**DATA SHOWN:**

------------------------------------------------

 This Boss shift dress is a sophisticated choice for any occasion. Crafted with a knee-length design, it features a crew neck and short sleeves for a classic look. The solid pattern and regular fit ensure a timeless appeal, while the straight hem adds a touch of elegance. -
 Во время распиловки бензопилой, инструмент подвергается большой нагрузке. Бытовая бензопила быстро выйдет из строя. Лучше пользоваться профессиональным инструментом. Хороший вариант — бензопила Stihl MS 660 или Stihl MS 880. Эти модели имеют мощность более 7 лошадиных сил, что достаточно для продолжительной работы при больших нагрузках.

------------------------------------------------

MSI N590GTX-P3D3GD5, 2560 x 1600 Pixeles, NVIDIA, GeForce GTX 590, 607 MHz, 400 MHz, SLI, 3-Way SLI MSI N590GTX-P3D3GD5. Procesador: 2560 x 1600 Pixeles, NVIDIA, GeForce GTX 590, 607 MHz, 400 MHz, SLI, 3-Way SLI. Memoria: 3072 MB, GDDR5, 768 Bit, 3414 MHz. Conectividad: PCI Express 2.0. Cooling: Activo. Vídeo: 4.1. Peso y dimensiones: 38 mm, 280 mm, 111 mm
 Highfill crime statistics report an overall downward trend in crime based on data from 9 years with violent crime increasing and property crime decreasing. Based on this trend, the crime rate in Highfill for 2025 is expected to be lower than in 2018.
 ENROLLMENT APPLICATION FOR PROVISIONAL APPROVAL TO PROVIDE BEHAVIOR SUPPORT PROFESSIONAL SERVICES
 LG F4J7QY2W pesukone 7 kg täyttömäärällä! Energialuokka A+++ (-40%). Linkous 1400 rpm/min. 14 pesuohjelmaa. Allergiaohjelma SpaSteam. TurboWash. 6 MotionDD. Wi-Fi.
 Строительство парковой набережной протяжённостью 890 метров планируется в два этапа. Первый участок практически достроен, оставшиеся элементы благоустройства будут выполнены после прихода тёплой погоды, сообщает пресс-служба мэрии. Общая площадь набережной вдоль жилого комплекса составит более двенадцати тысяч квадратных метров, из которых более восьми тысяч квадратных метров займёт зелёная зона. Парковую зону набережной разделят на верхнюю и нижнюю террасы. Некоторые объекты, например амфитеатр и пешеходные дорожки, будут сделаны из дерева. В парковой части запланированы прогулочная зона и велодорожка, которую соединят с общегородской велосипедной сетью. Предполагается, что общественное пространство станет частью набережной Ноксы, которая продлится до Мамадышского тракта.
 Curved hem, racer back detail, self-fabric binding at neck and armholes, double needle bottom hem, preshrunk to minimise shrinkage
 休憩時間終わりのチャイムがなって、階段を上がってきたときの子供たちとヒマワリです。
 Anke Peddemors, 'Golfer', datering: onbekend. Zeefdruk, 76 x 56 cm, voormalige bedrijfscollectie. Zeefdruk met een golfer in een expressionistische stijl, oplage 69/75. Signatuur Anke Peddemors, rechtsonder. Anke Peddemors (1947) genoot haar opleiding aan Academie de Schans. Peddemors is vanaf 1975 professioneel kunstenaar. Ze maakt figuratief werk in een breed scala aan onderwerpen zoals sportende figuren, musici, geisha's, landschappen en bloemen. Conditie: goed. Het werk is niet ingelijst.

------------------------------------------------

Go through the material above and output exactly the lines from the one containing "Highfill crime statistics" through the one containing "LG F4J7QY2W pesukone".

**FINISHED EXERCISE:**
 Highfill crime statistics report an overall downward trend in crime based on data from 9 years with violent crime increasing and property crime decreasing. Based on this trend, the crime rate in Highfill for 2025 is expected to be lower than in 2018.
 ENROLLMENT APPLICATION FOR PROVISIONAL APPROVAL TO PROVIDE BEHAVIOR SUPPORT PROFESSIONAL SERVICES
 LG F4J7QY2W pesukone 7 kg täyttömäärällä! Energialuokka A+++ (-40%). Linkous 1400 rpm/min. 14 pesuohjelmaa. Allergiaohjelma SpaSteam. TurboWash. 6 MotionDD. Wi-Fi.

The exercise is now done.